**Provided material:**

════════════════════

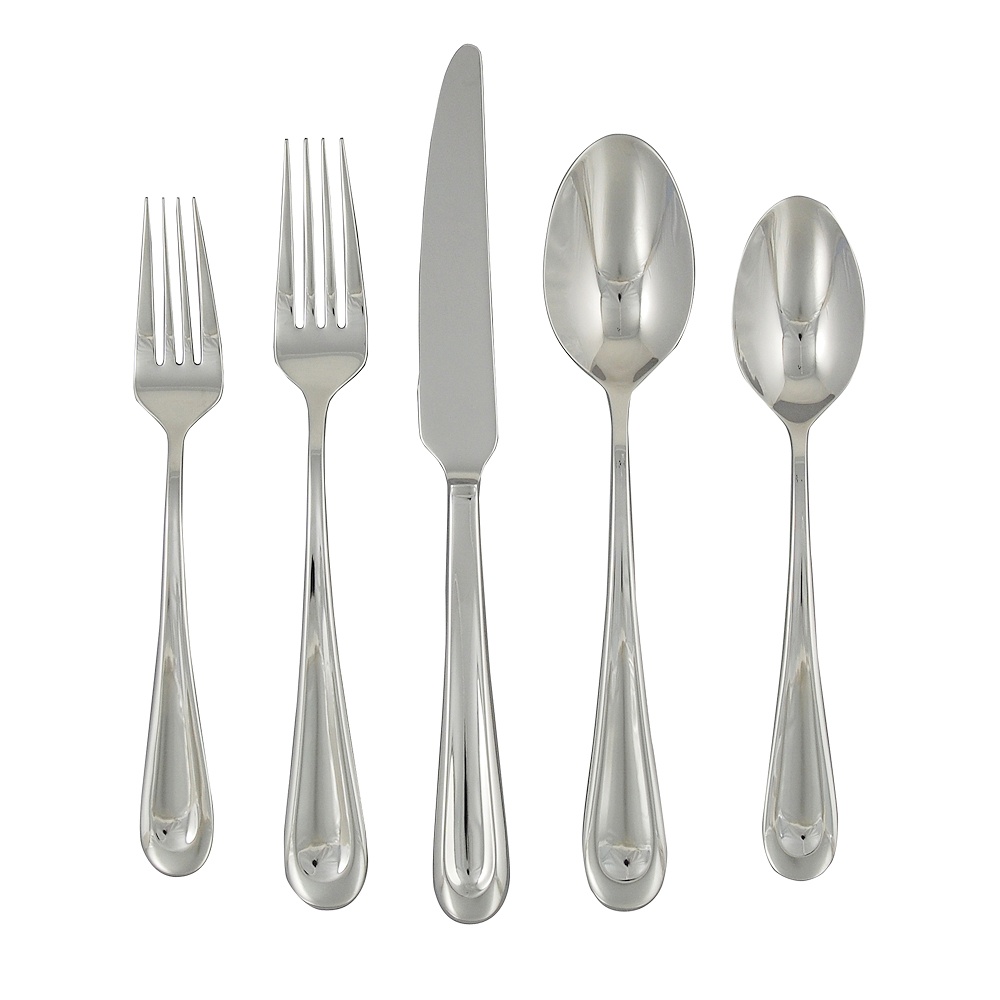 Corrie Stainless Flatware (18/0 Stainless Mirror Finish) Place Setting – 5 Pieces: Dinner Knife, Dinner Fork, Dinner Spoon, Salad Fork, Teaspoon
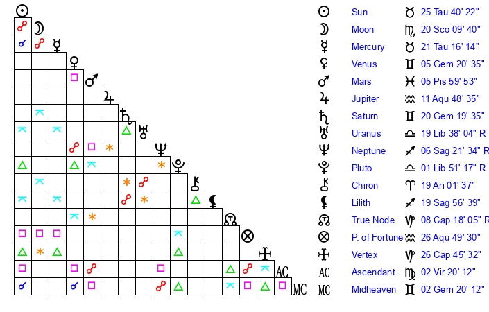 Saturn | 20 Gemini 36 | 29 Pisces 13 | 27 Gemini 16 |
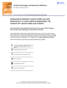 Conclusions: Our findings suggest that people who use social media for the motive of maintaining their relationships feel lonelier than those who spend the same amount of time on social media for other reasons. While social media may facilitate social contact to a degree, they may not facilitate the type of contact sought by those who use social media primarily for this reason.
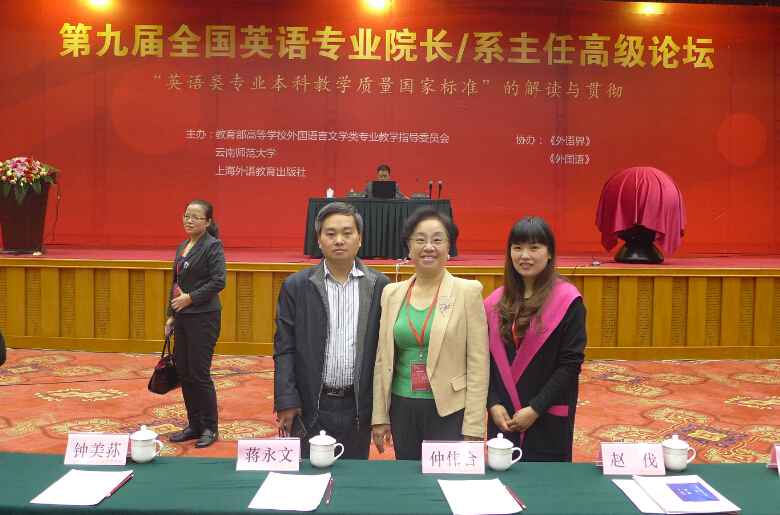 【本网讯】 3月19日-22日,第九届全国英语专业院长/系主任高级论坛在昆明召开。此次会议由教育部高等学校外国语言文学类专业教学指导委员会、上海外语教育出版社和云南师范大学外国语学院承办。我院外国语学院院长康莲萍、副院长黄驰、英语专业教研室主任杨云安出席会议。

════════════════════

**Problem details:** The answer should contain only the lines from the beginning of the material above through the line with "Conclusions: Our findings", retyped exactly, with the pictures removed.

**Answer box:**
 Corrie Stainless Flatware (18/0 Stainless Mirror Finish) Place Setting – 5 Pieces: Dinner Knife, Dinner Fork, Dinner Spoon, Salad Fork, Teaspoon
 Saturn | 20 Gemini 36 | 29 Pisces 13 | 27 Gemini 16 |
 Conclusions: Our findings suggest that people who use social media for the motive of maintaining their relationships feel lonelier than those who spend the same amount of time on social media for other reasons. While social media may facilitate social contact to a degree, they may not facilitate the type of contact sought by those who use social media primarily for this reason.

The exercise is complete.